Exercise instructions: Return, word for word, the lines running from the one that contains "วัดเบียวโดอิน" to the final line of the listing below.

Provided data:
==*==

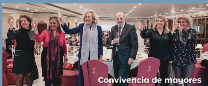
Convivencia de mayores
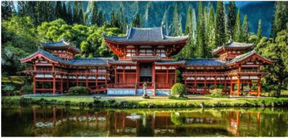
วัดเบียวโดอิน

จากวัด Byodo-in เดินต่ออีกเพียง 5 นาที จะถึง ถนนซาเซียว ที่มีร้านขายผลิตภัณฑ์ที่ทำจากซาเซียวหลาย แห่งทั้งสองฝากทางแวะชิมซอฟต์ครีมซาเซียวหวานละมุนลิ้น

==*==

Solution to this exercise:
วัดเบียวโดอิน

จากวัด Byodo-in เดินต่ออีกเพียง 5 นาที จะถึง ถนนซาเซียว ที่มีร้านขายผลิตภัณฑ์ที่ทำจากซาเซียวหลาย แห่งทั้งสองฝากทางแวะชิมซอฟต์ครีมซาเซียวหวานละมุนลิ้น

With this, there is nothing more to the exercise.